当他听完沈酌青的来意后,第一反应是荒谬。
“你说什么?”他掏了掏耳朵,怀疑自己听错了,“沈老师,我没听错吧?你说,你要带着家属院的……嫂子们,修复军用特种迷彩网?”
他上下打量着沈酌青,那眼神里充满了不信任。
一个看起来文文弱弱、漂漂亮亮,像是从画报里走出来的女人。
一群只会做饭带孩子、弄点花花草草的家庭妇女。
去修复连他们后勤修理班那些壮汉都束手无策的军用装备?
这不是开玩笑吗?
“沈老师,我感谢你的好意。”刘处长把烟往桌上一扔,摆了摆手,“但这不是缝衣服补袜子!那是特种装备!材质特殊,工艺复杂,别说你们,就是我们修理班,除了用特制的胶水打打补丁,也没别的办法。可那补丁打多了,影响整体强度,风一吹就裂!”
沈酌青没有被他的态度吓退,只是平静地问道:“刘处长,那批报废的迷彩网,现在是不是就堆在仓库里,等着拉走处理?”
“是啊,怎么了?”
“反正它们已经是废品了,对吗?”
“……道理是这么个道理。”刘处-长隐约感觉自己要被绕进去了。
“既然是废品,那不如交给我们试试。”沈酌青的语气依旧不卑不亢,“修好了,是为基地节约了开支,解决了您的大难题。修不好,它们也还是一堆废品,您和基地,都没有任何损失。”
“这……”刘处长被噎住了。
这话,没毛病!
死马当活马医,成了是赚的,败了也不亏。
“而且,”沈酌青适时地抛出了最后的筹码,“这件事,周夫人已经知道了,并且表示全力支持。”
“周夫人?”刘处长的眼睛一下子瞪大了。
这就不是一回事了!
有周夫人做担保,这事情的性质就从“胡闹”,变成了“可以尝试的创新性工作”。
“……行!”刘处长一咬牙,一拍桌子,“既然周夫人都发话了,我老刘就舍命陪君子!库房里那些破网子,你随便挑!需要什么工具,只要我后勤处有的,你开口!”
“但是我把丑话说在前面!”他竖起一根手指,“沈老师,你们可以试,但绝对不能影响装备的性能!修复后的强度和伪装性,我们是要拿到训练场上,进行实地测试的!”
“这是自然。
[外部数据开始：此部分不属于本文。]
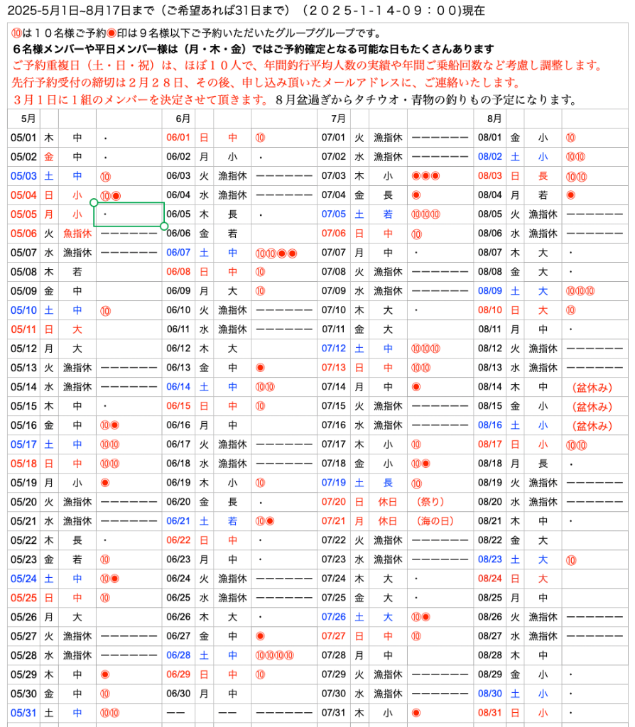 先行予約は2月28日なのでもしご予約希望に漏れたとしても、まだマダコ開始日には十分な時間がある日程にしています
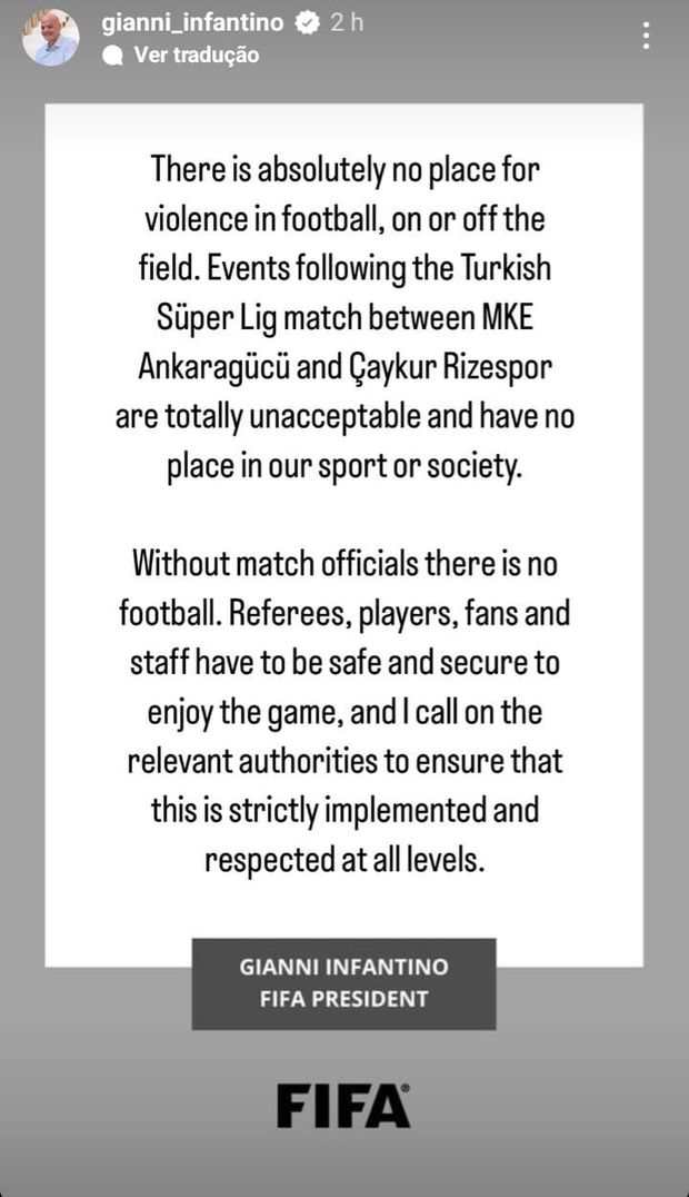 «Não há absolutamente nenhum lugar para a violência no futebol. Dentro ou fora de campo. O que aconteceu após o jogo da liga turca entre o Ankaragucu e o Rizespor é totalmente inaceitável e não tem qualquer lugar no nosso desporto e sociedade.» Assim foi a reação do Presidente da FIFA, Gianni Infantino, à agressão do presidente do Ankaragucu, Faruk Koca, ao árbitro da partida com o Rizespor, Halil Umut Meler.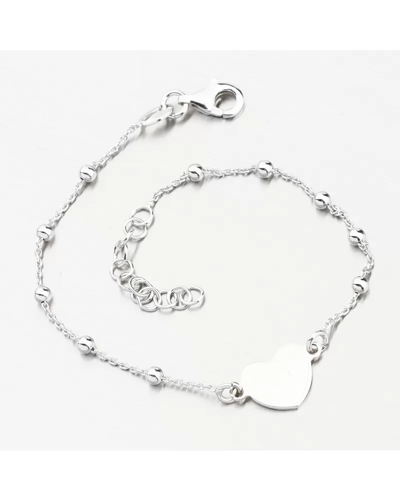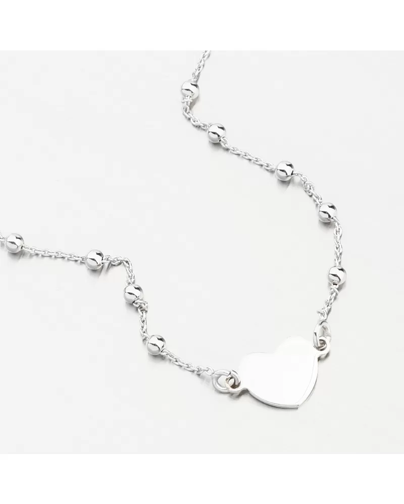 Vyzdobte si zápästie moderným náramkom, ktorý je vyrobený z reťazca s guľami. Náramok je leštený vo vysokom lesku a je zdobený príveskom na tvare srdca. Na prednej alebo zadnej časti prívesku je možné nechať dátum, obetavosť alebo iný text, ktorý si vyberiete.
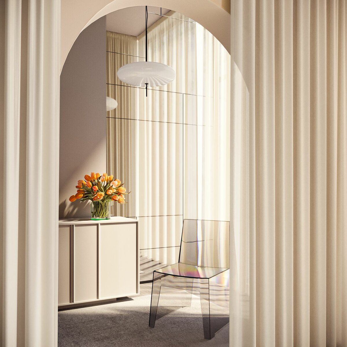 Silky Sorbet begeistert mit einer leichten, transparenten Struktur und einer charmanten, crash-ähnlichen Optik, die Bewegung und Natürlichkeit in jeden Raum bringt. Ideal zum legeren Drapieren und lässig mit aufliegendem Saum. Fließend und fein, mit einem zarten, femininen Auftritt, bleibt es mit Silky Sorbet unprätentiös und modern im Look. Mit recycelten Fasern gefertigt und in schönen Sorbet-Farben erhältlich, verbindet Silky Sorbet Nachhaltigkeit mit stilvoller Zurückhaltung.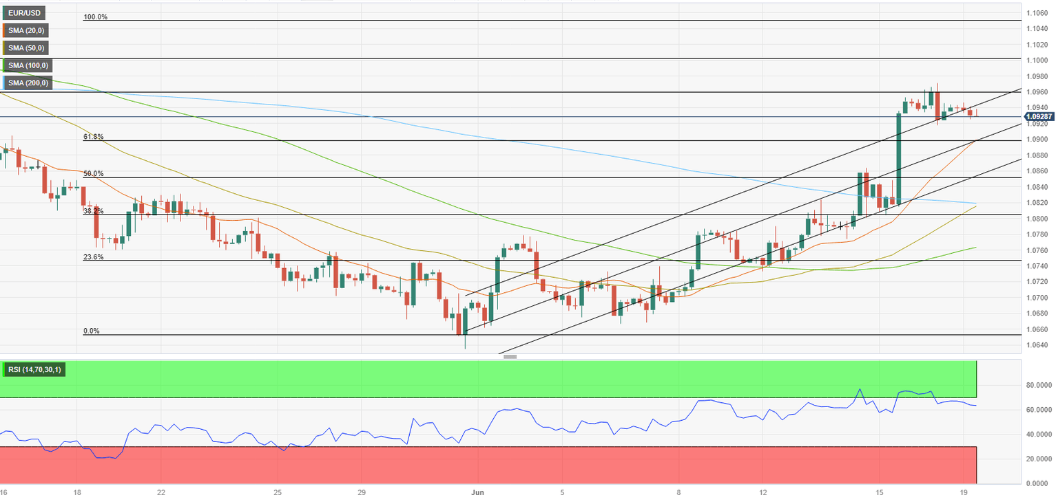 EUR/USD fluctuates in a narrow channel above 1.0900 early Monday following last week's impressive upsurge. There won't be any high-tier data releases that could impact the pair's performance, leaving comments from European Central Bank (ECB) officials as the only potential catalyst. In the second half of the day, trading action is likely to remain subdued with the stock and bond markets in the US remaining closed in observance of the Juneteenth holiday.

”沈酌青微微一笑,“多谢处长。”
她知道,这场仗,她已经赢了一半。
沈酌青没有大张旗鼓,只从兴趣班里,挑选了几个针线活最好、心思最细的军嫂,包括已经能熟练进行双面绣的张兰,和心思沉静、极有耐心的孙嫂。
当她们从后勤仓库里,领回第一批破损的迷彩网时,几个人都倒吸了一口凉气。
这些迷彩网,比她们想象的还要破败。
上面布满了大大小小的口子,有的像是被利器划开,有的则像是被强行撕裂。纤维因为长时间的暴晒和风化,变得又干又硬,颜色也斑驳陆离。
“我的天……这……这怎么补啊?”张兰摸着那粗糙的材质,犯了难,“这料子太硬了,普通的针根本扎不进去啊!”
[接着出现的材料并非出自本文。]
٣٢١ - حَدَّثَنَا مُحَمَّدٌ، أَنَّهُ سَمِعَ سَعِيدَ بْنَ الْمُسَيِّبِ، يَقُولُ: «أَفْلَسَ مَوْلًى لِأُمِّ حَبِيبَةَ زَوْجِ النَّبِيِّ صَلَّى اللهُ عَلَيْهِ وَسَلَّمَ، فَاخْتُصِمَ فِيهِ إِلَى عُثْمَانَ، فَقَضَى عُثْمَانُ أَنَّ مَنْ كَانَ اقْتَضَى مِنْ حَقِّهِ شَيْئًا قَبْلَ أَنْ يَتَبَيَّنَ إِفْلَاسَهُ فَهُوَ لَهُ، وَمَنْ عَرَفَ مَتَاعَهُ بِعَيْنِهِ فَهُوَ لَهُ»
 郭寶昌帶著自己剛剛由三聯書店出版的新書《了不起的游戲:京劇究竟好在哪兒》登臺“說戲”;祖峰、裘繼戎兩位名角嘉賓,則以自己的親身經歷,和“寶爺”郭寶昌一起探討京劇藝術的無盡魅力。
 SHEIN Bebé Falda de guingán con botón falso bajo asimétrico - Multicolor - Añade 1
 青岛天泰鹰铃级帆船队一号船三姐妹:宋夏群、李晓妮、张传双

“是啊,而且你看这纤维,一扯都快断了。就算缝上了,稍微一用力,肯定会从针脚旁边裂开一个更大的口子!”
大家围着这堆“破烂”,一筹莫展。
沈酌青蹲下身,仔细地检查着破损处。
她发现,这种迷彩网的材质,是一种她从未见过的混纺纤维。经线和纬线以一种非常复杂的结构交织在一起,既保证了强度,又最大限度地减轻了重量,还能在戈壁滩这种极端温差环境下,保持性能的稳定。
常规的缝补方法,确实行不通。
用针线强行缝合,针脚本身就会破坏周围脆弱的纤维结构,形成新的应力点。就像刘处长说的,补丁周围,会成为新的破裂点。
这根本不是缝补,而是二次破坏。
就在众人愁眉不展的时候,沈酌青的脑海中,却清晰地浮现出了一幅画面。
那是前世,在国家博物馆的特级修复室里,她伏在一张巨大的工作台上,修复一幅从中亚古国遗址中发掘出的,公元十世纪的波斯壁毯。
那幅壁毯,同样是纤维制品,历经千年,脆弱不堪。
当时,她所采用的,正是一种早已失传的、被誉为“神之技艺”的修复技术——
无痕织补。
“大家别急。”
沈酌-青站起身,脸上露出了成竹在胸的微笑。
“我们不‘缝’,我们‘织’。”
“织?”张兰和孙嫂她们都愣住了。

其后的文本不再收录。